| Work instruction |
Transcribe exactly the stretch of lines beginning at the one containing "12月25日,物理学院举行岭" and closing with the last line of the entries below. Omit images.

Records for this exercise Block Start

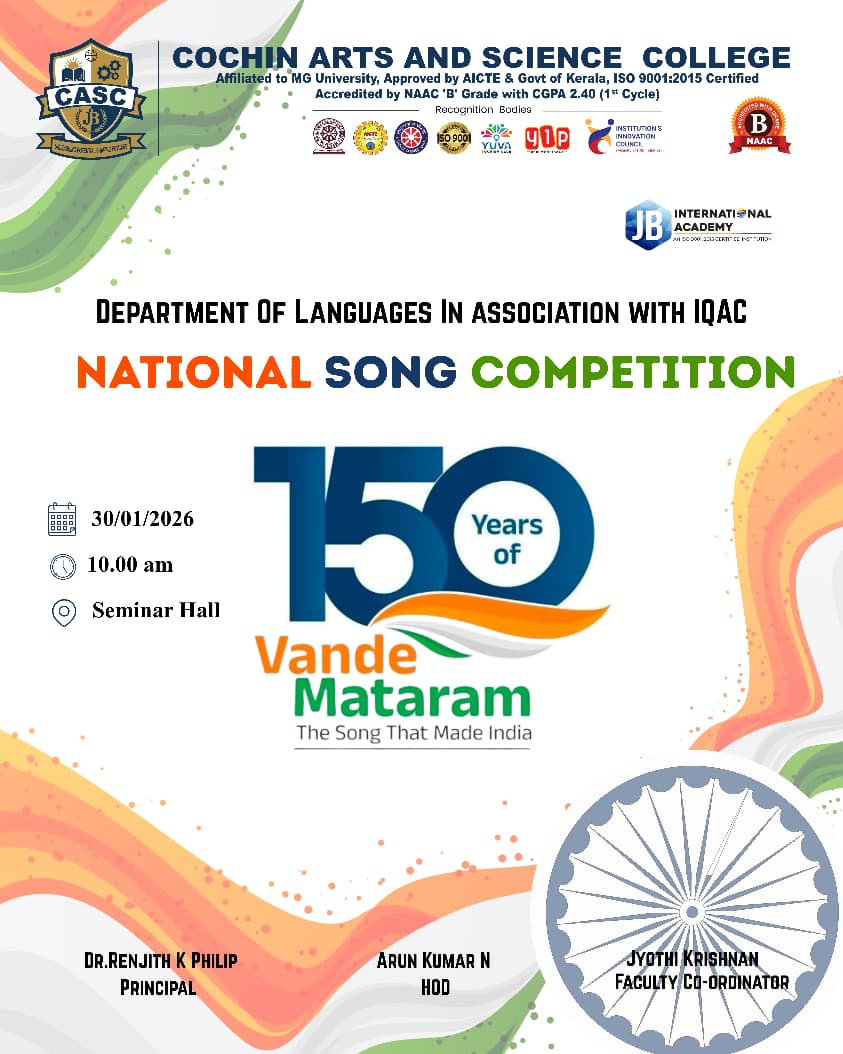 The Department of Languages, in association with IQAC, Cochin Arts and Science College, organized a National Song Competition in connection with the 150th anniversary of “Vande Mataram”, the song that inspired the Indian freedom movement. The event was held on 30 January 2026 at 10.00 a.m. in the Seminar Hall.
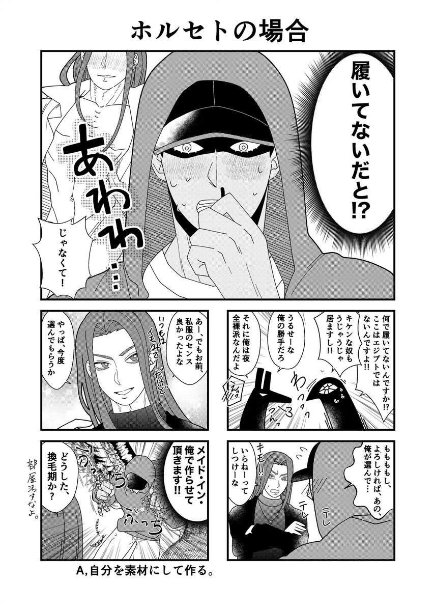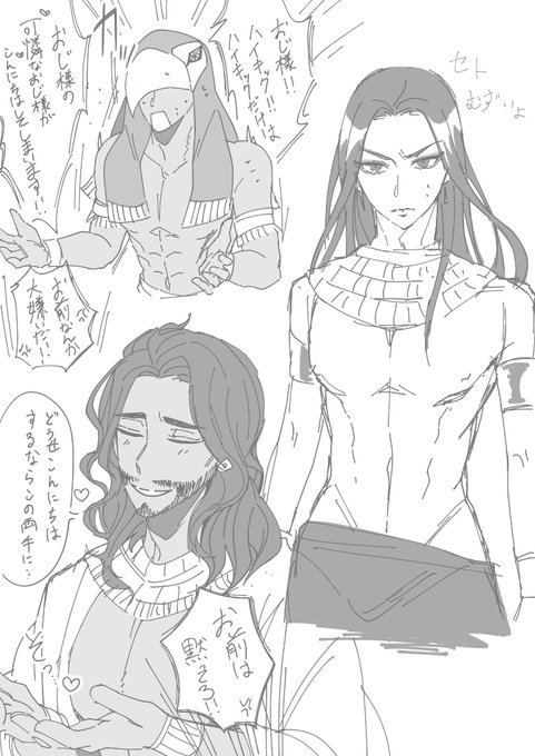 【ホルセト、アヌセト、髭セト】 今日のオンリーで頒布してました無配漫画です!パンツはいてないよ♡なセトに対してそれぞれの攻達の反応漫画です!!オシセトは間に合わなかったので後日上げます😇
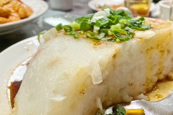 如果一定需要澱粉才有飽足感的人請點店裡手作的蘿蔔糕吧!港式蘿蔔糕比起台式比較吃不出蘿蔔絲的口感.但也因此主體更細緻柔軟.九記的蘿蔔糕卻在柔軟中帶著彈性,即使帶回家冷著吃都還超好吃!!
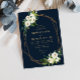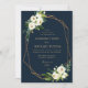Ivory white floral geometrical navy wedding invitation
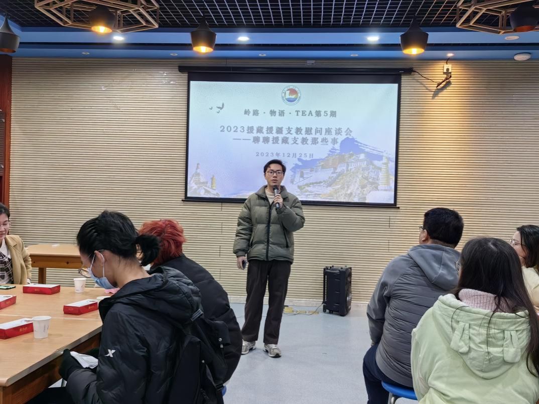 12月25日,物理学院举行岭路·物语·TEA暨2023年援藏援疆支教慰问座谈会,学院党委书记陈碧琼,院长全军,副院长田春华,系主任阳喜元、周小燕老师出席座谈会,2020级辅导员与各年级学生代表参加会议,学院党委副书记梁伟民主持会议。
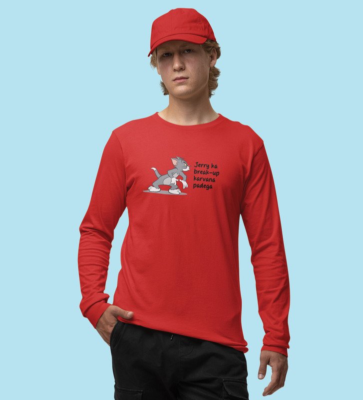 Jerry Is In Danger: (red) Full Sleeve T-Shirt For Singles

Records for this exercise Block End

| Answer to this problem |
 12月25日,物理学院举行岭路·物语·TEA暨2023年援藏援疆支教慰问座谈会,学院党委书记陈碧琼,院长全军,副院长田春华,系主任阳喜元、周小燕老师出席座谈会,2020级辅导员与各年级学生代表参加会议,学院党委副书记梁伟民主持会议。
 Jerry Is In Danger: (red) Full Sleeve T-Shirt For Singles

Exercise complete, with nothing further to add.